Cox then gave a speech exhorting the protesters that upon departure from the courthouse, to proceed into downtown to sit at the segregated lunch counters, This caused "muttering" and "grumbling" in the gathering white crowd across the street. The sheriff then ordered the protesters to disperse, but before they could, the police fired tear gas into the black group, injuring some, including minister Cox who was hit in the ankle by a tear gas canister. No arrests were made then, but the next day Reverend Cox was arrested at a church and charged with four offenses under Louisiana law, criminal conspiracy, disturbing the peace, obstructing public passages, and picketing before a courthouse. This heavy raft of charges Cox held was a pretext to charge exorbitant bail with the design of draining the funds of the local civil rights movement, and silencing his leadership. Cox was later acquitted of criminal conspiracy but convicted of the other three offenses and sentenced to a total of one year and nine months jail time and fined $5,700. In two separate judgments the Louisiana Supreme Court affirmed all three convictions. Both judgments were appealed.

==Social context==
All courts adhere to the same judicial standards as the Supreme Court, but local and state courts are more immediately influenced by the political and social environments specific to their location and representative body (Vines 1965: 5). For example, during the 1950s and 1960s, the courts governing states and cities in the southern United States were more greatly influenced by the race struggles that they lived with and saw daily than courts in other areas of the country. In contrast to this, the "Supreme Court justices should have no constituency; they are appointed for life to sit as judges over all people." (Steel 1968) Largely for this reason, Southern African Americans much preferred arguing in front of federal courts, where they felt they had a greater chance of being judged fairly and according to the law. Studies during the 1950s and 1960s show that African Americans were correct in their favoring of the federal courts over state, as federal courts decided in favor of African American defendants 60% more often than cases in Southern state courts. (Vines 1965: 10) This caused much tension and strife within the respective Southern state or community and forced the Supreme Court to rule in response to the controversial issues of race and discrimination.

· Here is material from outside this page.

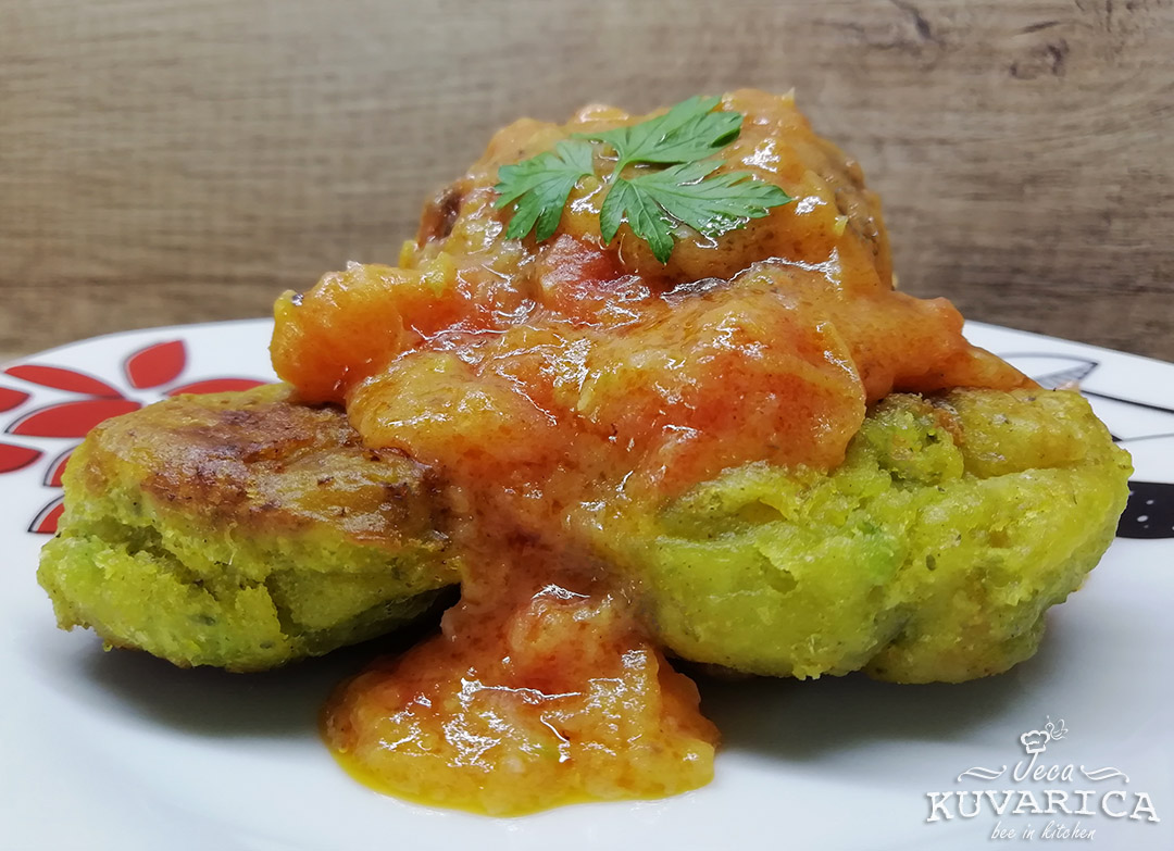 Šargarepu i crni luk očistite i isecite na kockice ili usitnite u secku. Polovinu stavite u šerpu sa graškom, nalijte vodu, dodajte malo soli i kuvajte. Kada je grašak skuvan sklonite sa šporeta. Ostavite da se prohladi a zatim procedite i usitnite štapnim mikserom. U dobijenu smesu dodajte brašno, sodu bikarbonu, senf, peršun, kurkumu i biber. Dobro promešajte, vadite ćuftice kašičicom i pržite na vrelom ulju. Kada su sve ćuftice ispržene pripremite sos.

By late 1964, when the Supreme Court heard arguments in Cox v. Louisiana, demonstrations and protests marked a change in American society. In a 1965 New York Times editorial, James Reston spoke on protest and social change when he said "this rising protest in the nation is having its effect." (Reston 1965: 34) Reston also said "the new activist spirit of the church and the university in America, allied to the modern television and airplane, is now having a profound influence on law and politics in the United States." (Reston 1965) The large scale of demonstrations during this time period gained much public attention, with increased media attention and viewership. Nielsen ratings increased 46% more than average during coverage of a 1963 civil rights march in Washington DC. (see Adams, Val. "TV: Coverage of March". The New York Times August 29, 1963: p. 43.)

==Court's decision==
Justice Goldberg, writing for the court, overturned Cox's conviction.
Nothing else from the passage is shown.